Analysis - Suji Effectiveness Based On Riichi Tile

Suji is safer when you have reason to believe your opponent has a good wait. If they have a single wait or a shanpon shape, then suji won't apply to them. There are many tells that indicate that a player might have a good wait, but here, we'll look at a very simple one: the tile they called riichi with.

For this analysis, I looked at every riichi hand in my dataset of 1,246,147 Houou hanchan (East-South) games. I calculated the wait, and if every tile in the wait had another tile one suji interval away, I counted it as having a suji shape.

This means that ryanmen (34), sanmenchan (23456), nobetan (2345), sanmentan (2345678), and shanpon shapes that happen to be on a suji interval (3366) would be counted, among other less common shapes like pure nine gates (1112345678999) or double entotsu (34555m45666p). Against shapes like this, if a tile is suji, it's 100% safe.

Shapes that wouldn't be counted are the obvious tanki (4), kanchan (35), penchan (12), most shanpon shapes (2277), as well as shapes that might include a suji pattern but also an extra tile, such as ryantan (3334), entotsu (2344499), and tatsumaki (3334555). Though these have a suji interval, they also have part of the wait that doesn't obey suji, so suji is not 100% safe.

This data is segmented twice. First, between first riichis and chasing riichis, and then, between tedashi and tsumogiri. Here are the results.

It's common knowledge that a riichi on an honor tile increases the chance of ryanmen. If they were keeping a safe tile in their hand, the rest of their shapes were probably pretty good. It's also easier to justify chasing an opponent's riichi if you have a good wait. Check out the push/fold charts. It's almost always justifiable to chase with a good wait (given a relatively even situation). So, the wait quality goes up for chasing riichis.
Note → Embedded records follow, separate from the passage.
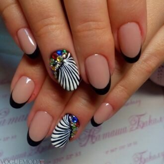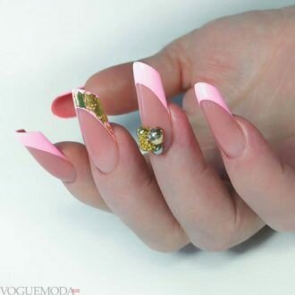 - Нейл-декор. Прикраса стразами, намистинами, блискітками і ліпленням буде використовуватися без фанатизму. Це може бути всього лише одна дуга або прикраса посмішки.
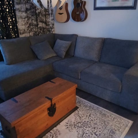 Harmaa kangasverhoilu, kauttaaltaan ehjä. Pientä pintakulumaa paikoin ja vähäistä nyppyä, ne on poistettavissa.
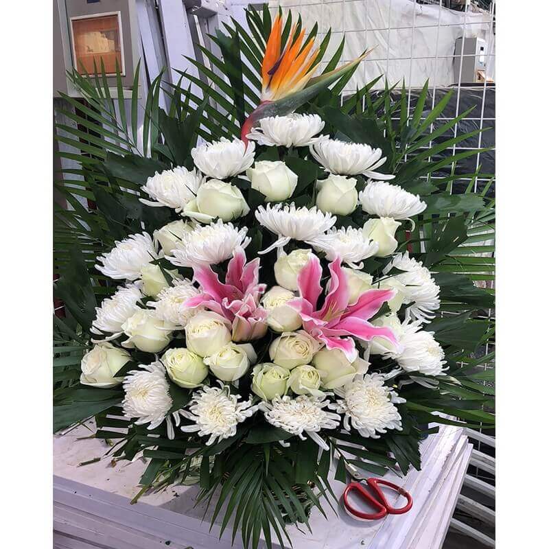 花材:白色菊花,白色玫瑰,粉色百合,其它绿叶搭配
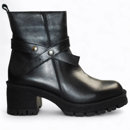 SKÓRZANE CZARNE BOTKI DAMSKIE EURIANA
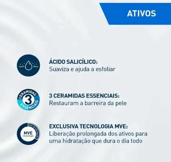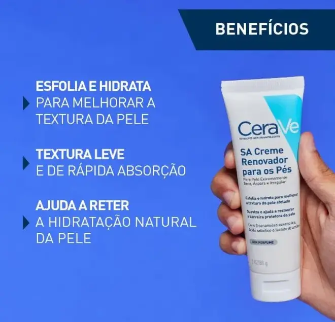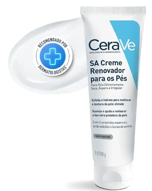 Desenvolvido com dermatologistas, 3 ceramidas essenciais e a exclusiva tecnologia MVE com liberação controlada e contínua de ingredientes ativos de hidratação, o CeraVe Creme Renovador para os Pés é formulado com Ácido Hialurônico, Ácido Salicílico, Niacinamida, Glicerina, Fitoesfingosina e Colesterol para hidratar, apaziguar, esfoliar, suavizar a pele e ajudar restaurar a barreira cutânea protetora dos pés. Indicado para pele extremamente seca, áspera e irregular. Adequado para pele gretada e fissurada. Sem perfume e não comedogênico. CeraVe é a marca número 1 recomendada por dermatologistas nos EUA*.
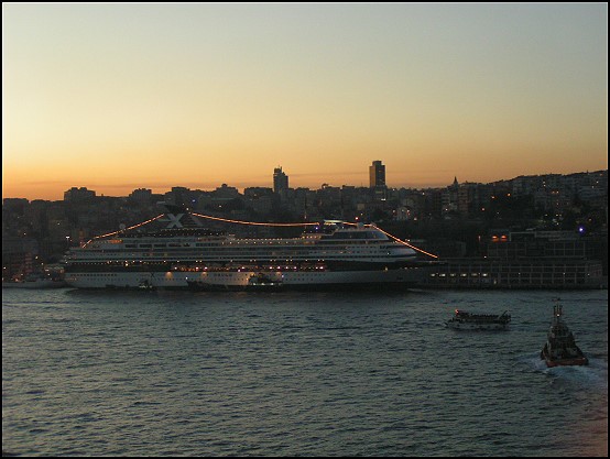 Noch schnell die kurz zuvor angekommene Celebrity "Millennium" sowie die vor uns parkende Hapag Lloyd "Europa" fotografiert, ging es auf die Kabine ... was waren wir geschafft! Die Beine taten höllisch weh! Schon wieder machte sich ein kleiner Hunger breit und wir begaben uns ins Restaurant Prometeo, um die letzten Züge des nachmittäglichen Essens mitzunehmen. Anschließend spazierte ich noch einmal über das Schiff und genoss die Aussicht auf Istanbul. Nun konnte ich den meisten Gebäuden wieder Namen zufügen und sah die Stadt jetzt mit ganz anderen Augen als heute Morgen.
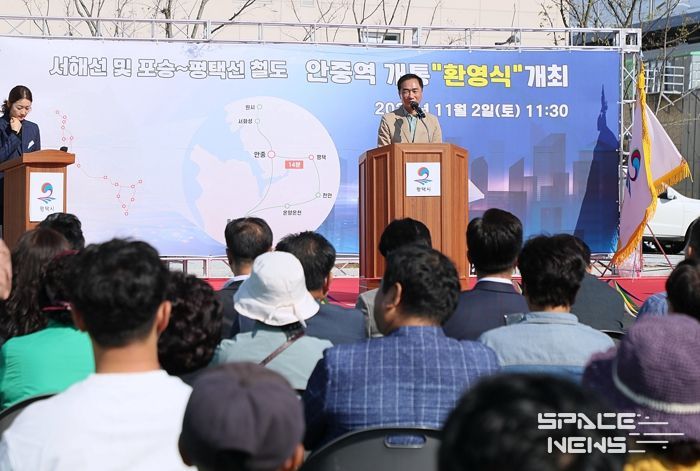 스페이스뉴스 스페이스뉴스 기자 | 평택시는 2일 서해선과 평택선 개통을 맞아 안중역에서 환영식을 개최했다.
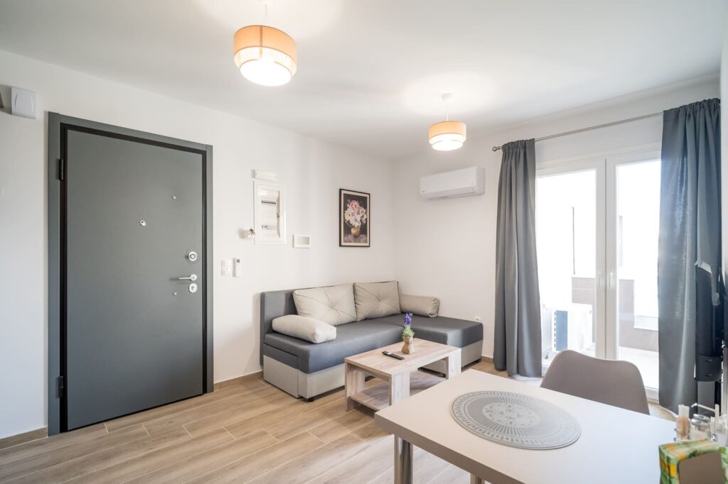 Διαθέτει ένα άνετο διπλό κρεβάτι στο υπνοδωμάτιο και ένα καναπέ που μετατρέπεται σε διπλό κρεβάτι στο καθιστικό, μία μικρή αλλά πλήρως εξοπλισμένη κουζίνα που σας δίνει τη δυνατότητα να ετοιμάζετε τα γεύματά σας, και ένα μπάνιο με ντουζιέρα.
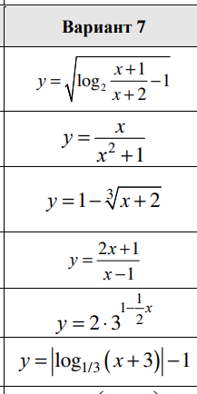 ДЗ 1.1: Элементарные функции и их графики вариант 7
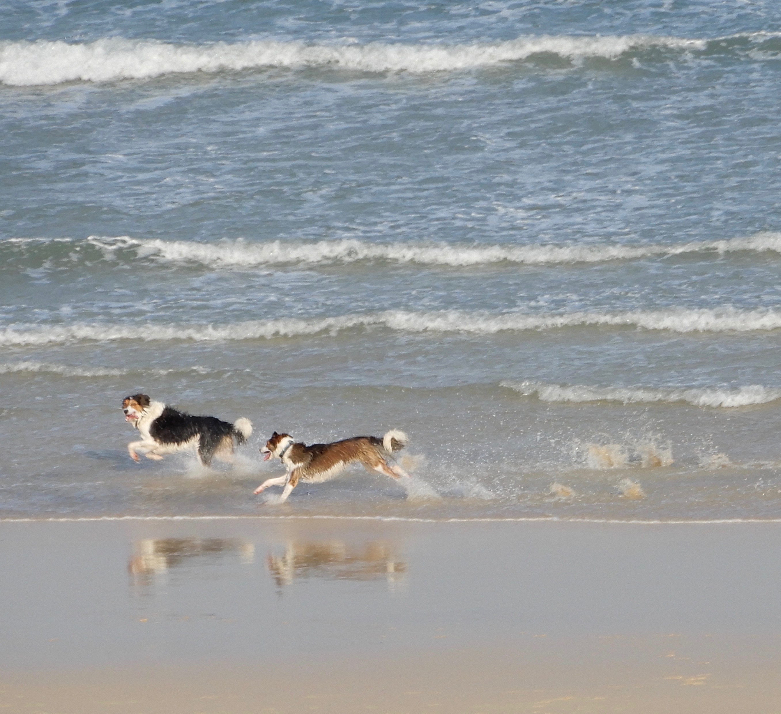 Dogs dashing through the waves

For tsumogiri riichis, they may have been waiting to upgrade one of their bad shapes, but gave up after enough time had passed and just called riichi. Similarly, sometimes you're dama with a valuable hand, but once someone riichis, you chase since they can no longer defend. Tsumogiri riichis that are the first riichi tend to have bad waits, while tsumogiri chasing riichis are almost comparable to tedashi initial riichis.

It's a little interesting to me that chasing tedashi riichis on a 1 or 9 have a worse average wait than a 456 riichi, while when they're first to riichi, a 1 or 9 tedashi has a better average wait than a 456 riichi. In any case, interesting data.